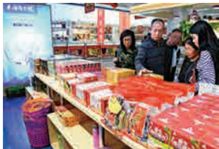
▲顧客在福建平潭台灣商品免稅市場選購台灣商品 資料圖片

【大公报訊】據中新社報道：作爲最新試點合格境外投資者（QFLP）政策的自貿區，福建省平潭綜合實驗區推出多項優惠新政，其間對台資台商優惠力度尤其吸引外界關注。平潭綜合實驗區金融辦副主任楊哲安7日接受中新社記者專訪時指出，這是平潭對「惠台31條」的執行落實
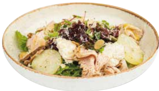
САЛАТ С ПАСТРАМИ ИЗ ИНДЕЙКИ, грушей, горгонзолой и цитрусовым соусом
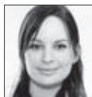
Jitka Čvančarová HEREČKA
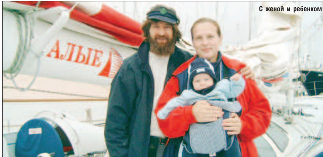
С женой и ребенком

- Так, наверное, у него не было семьи, - предположил один мой приятель, услышав мой восторженный рассказ о Конюхове.
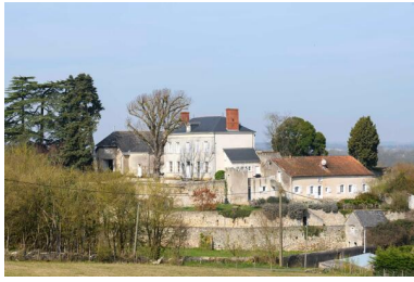
Vue de la propriété depuis le sud-est.
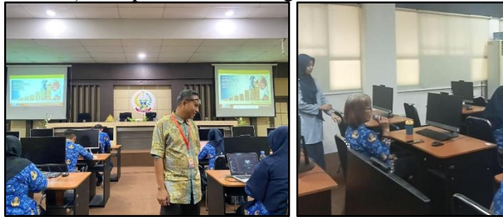
Gambar 7. Diskusi

yakni selama 60 menit. Materi yang diberikan terdiri dari konsep spiritualitas kerja; kekuatan spiritual; korelasi spiritual dan organisasi; etika spiritual kerja; posisi spiritual dalam kerja yang terkait dengan fungsi psikis yakni kognisi (IQ), afeksi (EQ), dan psikomotorik ( skill ); penjelasan mengenai pengaruh bio-psiko (aku) dan sosial (lingkungan) terhadap spiritual (tuhan); penjelasan mengenai kerja integrasi 3 komponen yakni SQ (kecerdasan spiritual), EQ (kecerdasan emosi), dan IQ (kecerdasan intelektual); dan pemberian renungan.
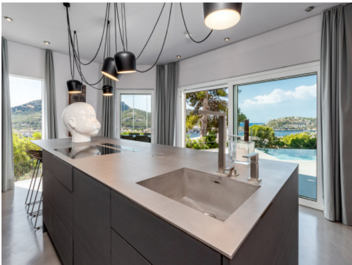
Die Küche verfügt über eine Kochinsel
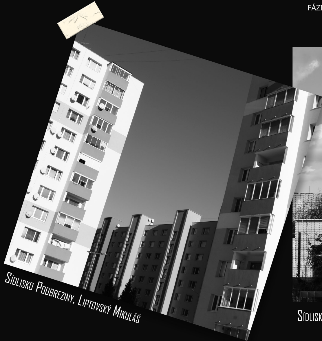
SÍDLISKO PODBREZINY, LIPTOVSKÝ MIKULÁŠ

NEVIEM, ČI TAJOMSTVO ICH KRÁSY SPOČÍVA V ICH FOTENÍ OPROTI OBLOHE. MOŽNO ÁNO, VEĎ HĽADAJÚC KRÁSU, KLUD, POCHOPENIE A NÁDEJ, POHLADY DVOCH TRETÍN NAŠEJ POPULÁCIE SMERUJÚ PRÁVE TAM. A MOŽNO TO JE LEN O TOM "SPRÁVNOM UHLE". NIEČO, AKO KEĎ SI DIEVČA NA ZÁCHODOCH FOTÍ SELFIE.
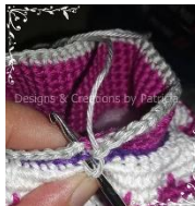
Den Rock anhäkeln
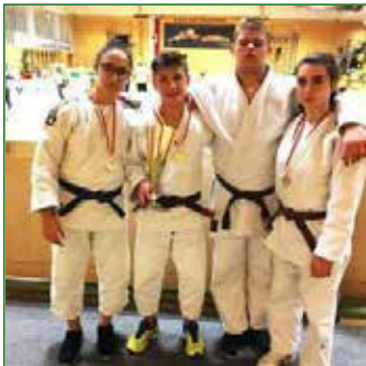
Polispportiva Tamai Judo
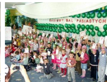
Basiowy Bal Pasiastych
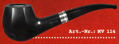
Art.-Nr.: MV 114
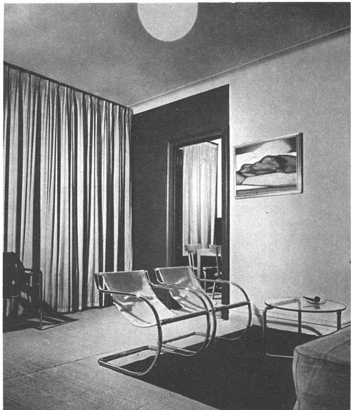
Walter Boermann, New-York Wohn- und Arbeitsraum

Abbildung Seite 223 oben zeigt die hintere Wand des Ladens. Die schwarzen Holzstäbe erlauben das Befestigen von Fotos, Schrift usw.,
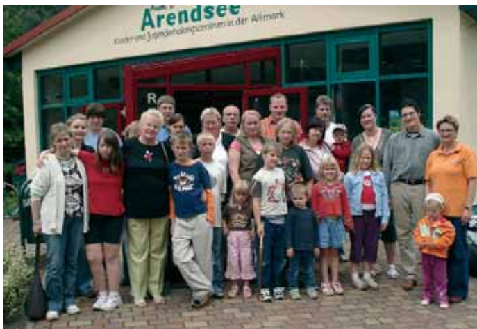
▲ Den klugen Umgang mit knappem Geld lernten diese neun Familien durch ELAN

■ WANZLEBEN/WORMSDORF: Familienbildung. Neun Familien mit 26 Mitgliedern kamen zum Angebot „Leben in Zeiten knapper Kassen“ im Bildungsprogramm ELAN des Kreisverbandes Wanzleben. Es begann mit einem Wochenende im KIEZ (Kinder- und Jugenderholungszentrum) Arendsee. In verschiedenen Workshops zum Thema Geld bekamen Erwachsene und Kinder wertvolle Hinweise zum Umgang mit Geld, zu vermeintlichen Schnäppchen und Kostenfallen und dazu, wie Werbung Wünsche und Bedürfnisse beeinflusst. In Nachtreffen in der DRK-Begegnungsstätte Wormsdorf lernten die Teilnehmer eine gesund-
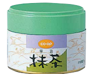
co・op 抹茶 規格20g 価格648円(税込699円)
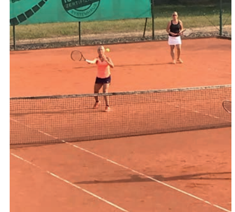
Damen 40 bei der Medenrunde im Sommer 2023
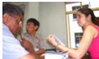
Pesquisa efetuada com o primeiro grupo de cursistas demonstra a diversidade de formação e preparo profissional dos que ingressam na Justiça Federal
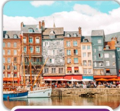
dans le nord de la France
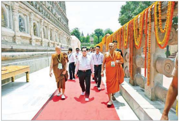
နိုင်ငံတော်သမ္မတ ဦးမင်းအောင်လှိုင် မဟာဗောဓိဓမ္မရိပ်သာ မြောက်ဘက်ခြမ်းအား လှည့်လည်ဖူးမြော်ကြည့်ည့်စဉ်။

* ရှေ့ဖိုးမှ ဦးစွာ နိုင်ငံတော်သမ္မတနှင့်အဖွဲ့ဝင်များသည် မဟာဗောဓိ မဟာဝိဟာရဘုရားကျောင်းသို့ ရောက်ရှိကြပြီး မဟာဗောဓိဓမ္မရိပ်သာအတွင်းရှိ ဗုဒ္ဓရုပ်ပွားတော်မြတ်အား ဖူးမြော်ကြည့်ည့်၍ မြသပတ်ဆွမ်းတော်၊ သောက်တော်ရေချမ်း၊ ဆီမီး၊ ပန်းနှင့် သက်န်းများကပ်လှူပူဇော်သည်။ ထို့နောက် နိုင်ငံတော်သမ္မတကိုယ်စား ဆရာတော်ကြီးတစ်ပါးက ဗုဒ္ဓရုပ်ပွားတော်မြတ်အား သက်န်းကပ်လှူပူဇော်သည်။
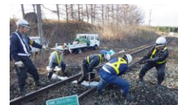
鉄道施設の設備投資や修繕
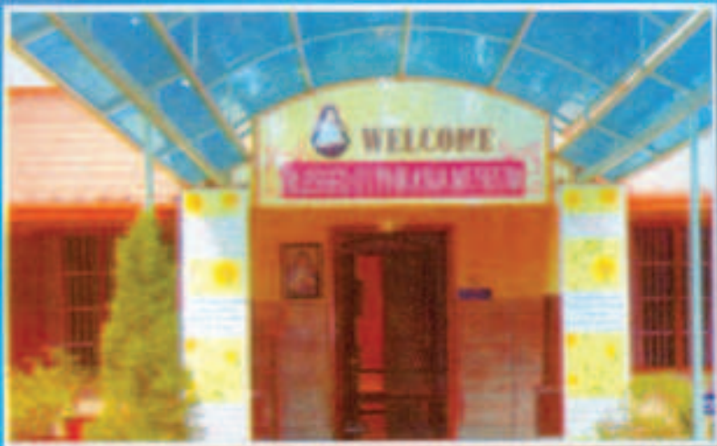
ഈജിറ്റ് ഏവർപ്രൊസ്പെക്ട് സെന്ററിൽ വാർത്തപ്പെട്ട ഏവർപ്രൊസ്പെക്ട് ക്യാമ്പിന്റെ പ്രവേശന കവാടം
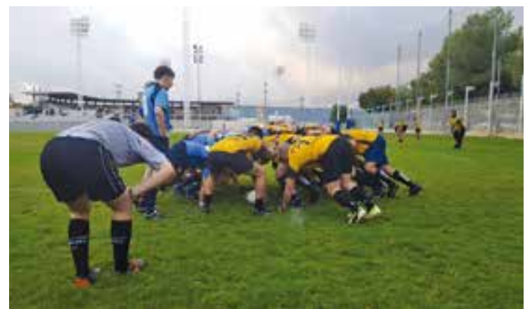
Imatge del partit a L'Hospitalet del combinat Anoia-Castellar.

Recentment, el Rugby Club Castellar va arribar a un acord amb l'Anoia RC per jugar els partits conjuntament i reforçar-se de maneta mútua. Fruit d'aquesta unió els castellarencs deixen el 'Rugby League' de tretze jugadors per tornar a la versió 'Union' de 15, a causa de la falta d'efectius i per problemes amb els desplaçaments de la lliga de 13, on eren l'únic equip de tota Catalunya inscrit en competició. Gràcies a aquesta unió, els de Castellar van debutar a la lliga de Primera Divisió absoluta aquest dissabte a les 18.00 h, caient de manera contundent per 63-0 contra el RC L'Hospitalet, un dels clàssics de la categoria i que no va donar cap opció.
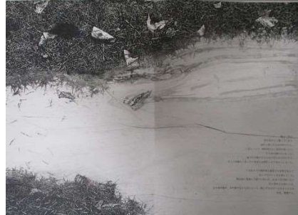
05. 冷たい II
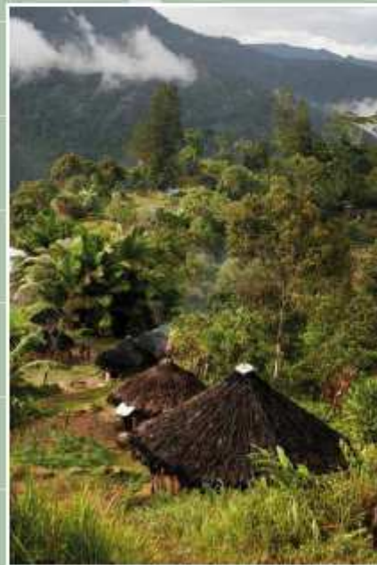
Habitat isolé en Nouvelle Guinée Occidentale (Indonésie)

Les hôtels dans les arbres prolifèrent. Les citadins recherchent l'évasion et le contact avec la forêt.
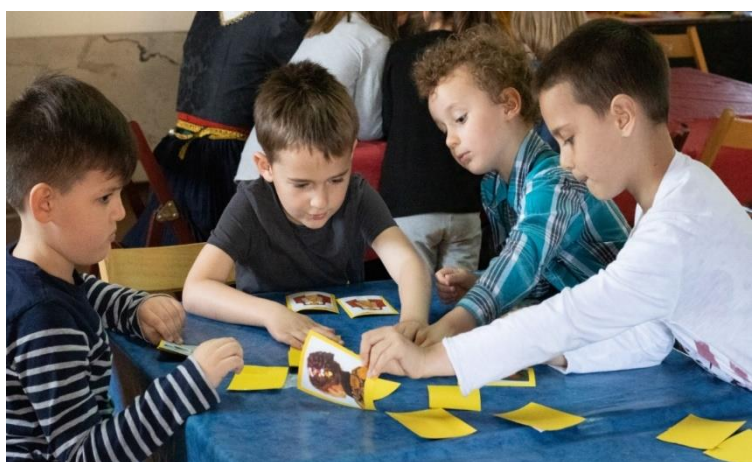
Sika 14. Likovna radionica – memory „Hrvastke narodne nošnje“
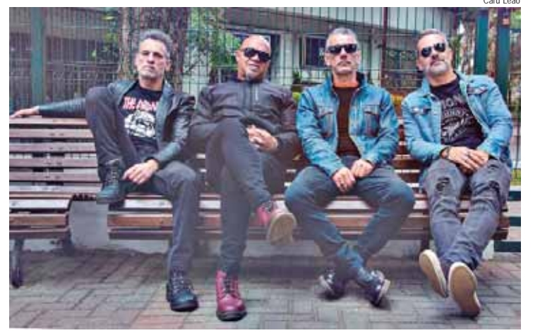
No show em Piracicaba, Inocentes apresenta os maiores sucessos dos 43 anos de carreira

Apesar do sucesso, com o acirramento das brigas de gangues entre 1983 e 1984, o Inocentes afastou-se do movimento e se aproximou da cena do rock paulista. Com uma sonoridade mais próxima ao pós-punk, chegaram à Warner, em
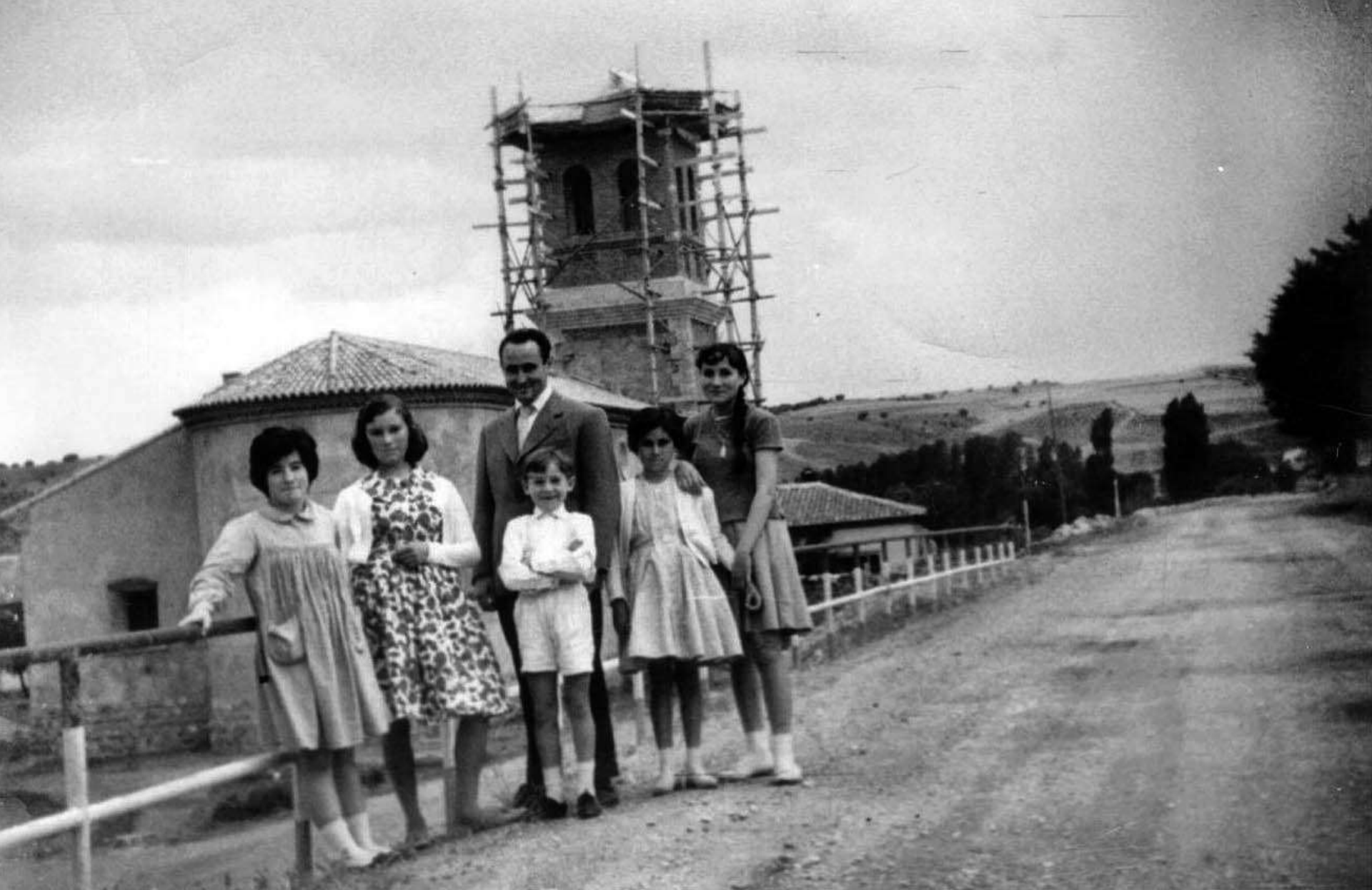
Carretera Toril–Masegoso, a la altura de la iglesia, en construcción. Años 50-60.
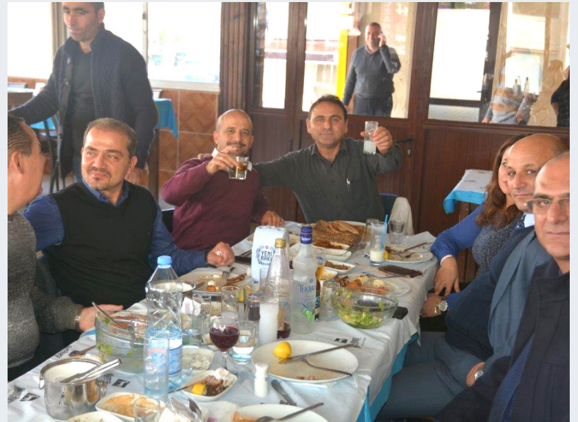
Satın Alma ve Envanter Müdürlüğü
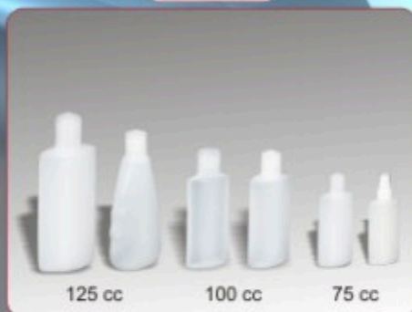
Kod TS 611
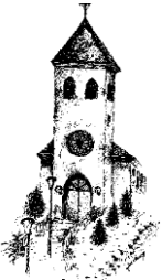
St. Johannes Ev Gernsdorf
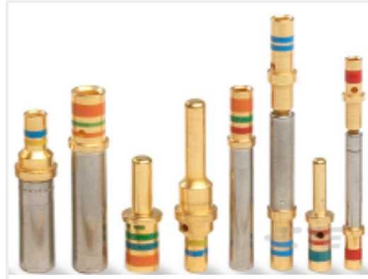
TE 产品编号4160-202-2031L CONT PIN
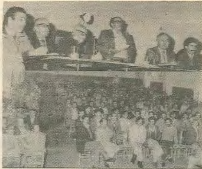
Γενική συνέλευση των Αμιαντορυχών

Η αγορά του Αμιαντορυχείου από την Μητρόπολη Λεμεσού, έγινε κατόπιν κυβερνητικής ενθάρρυν-
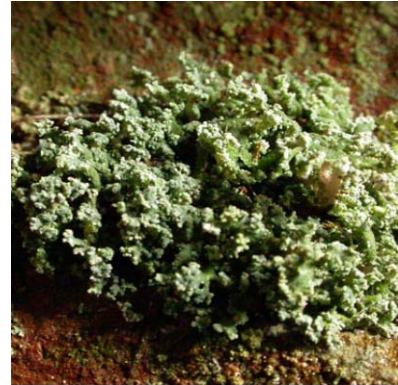
Flatsaltlav vokser på steiner i og langs fosser og stryk. Denne lavarten er kategorisert som "sårbar" pga. at mange forekomster er utsatt for kraftutbygginger i elver og bekker. Den ble i 2006 lokalisert i Stølselvi i Granvin

Videre bør det inn et punkt hvor man ikkje gir løyve før tilstrekkelig utredning er gjort. NVH har tidligere sett eksempler på det motsatte der HF går inn for et kraftverk samtidig som man påpeker at en utredning er mangelfull.
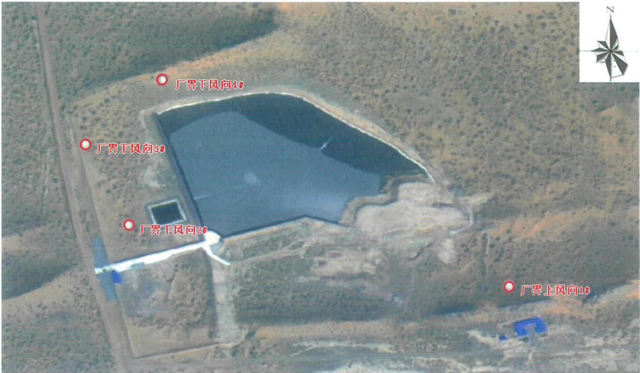
图例：○表示无组织排放废气检测点位
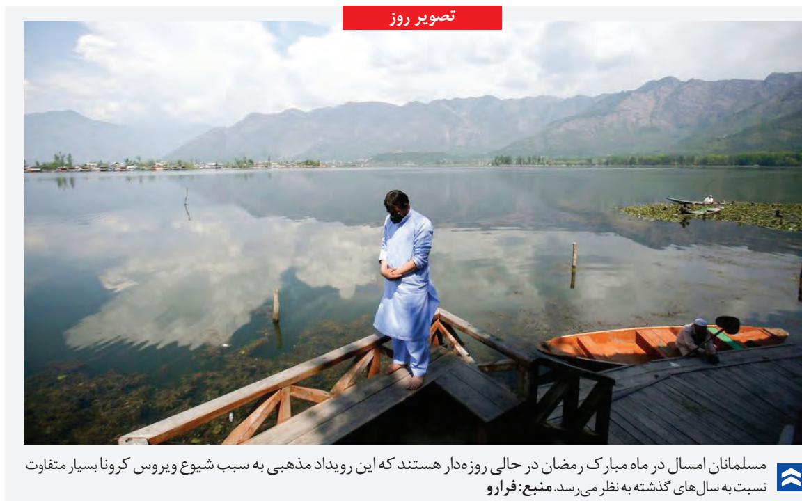
تصویر روز مسلمانان امسال در ماه مبارک رمضان در حالی روزهدار هستند که این رویداد مذهبی به سبب شیوع ویروس کرونا بسیار متفاوت نسبت به سال های گذشته به نظر می رسد.

☆ ☆ ☆ ☆ ☆ ☆ ☆

> **Task requirements**: Copy out every line in the listing where the word "dans" appears.

> **Solution to this task**:
dans le nord de la France
Les hôtels dans les arbres prolifèrent. Les citadins recherchent l'évasion et le contact avec la forêt.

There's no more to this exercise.